2020 French-language television series

Vampires is a 2020 French-language supernatural horror television series created by Benjamin Dupas and Isaure Pisani-Ferry and starring Oulaya Amamra, Suzanne Clément, Aliocha Schneider, Kate Moran, Mounir Amamra and Juliette Cardinski.

The plot revolves around Doina (Oulaya Amamra), a vampire girl who suppress her vampire tendencies by taking pills, and who lives with her mother, Martha (Suzanne Clément).
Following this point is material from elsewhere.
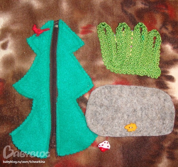 Елка из флиса с молнией. Куст из рельефной тесьмы. Берлога из шерстяного войлока. На полянке надо найти сову, зайку и медведя:

It was released on 20 March 2020 on Netflix.

==Cast==
- Oulaya Amamra as Doina Radescu
- Suzanne Clément as Martha Radescu
- Aliocha Schneider as Ladislas Nemeth
- Kate Moran as Csilla Nemeth
- Mounir Amamra as Andrea Radescu
- Juliette Cardinski as Irina Radescu
- Pierre Lottin as Rad Radescu
- Dylan Robert as Nacer
- Antonia Buresi as Elise
- Bilel Chegrani as Moji
- Theo Hakola as Gabor Nemeth
- Ayumi Roux as Clarisse
- Jalal Altawil as Stan
- Jonathan Genet as Auguste
- Marilú Marini as Belen

==Release==
Vampires was released on 20 March 2020 on Netflix.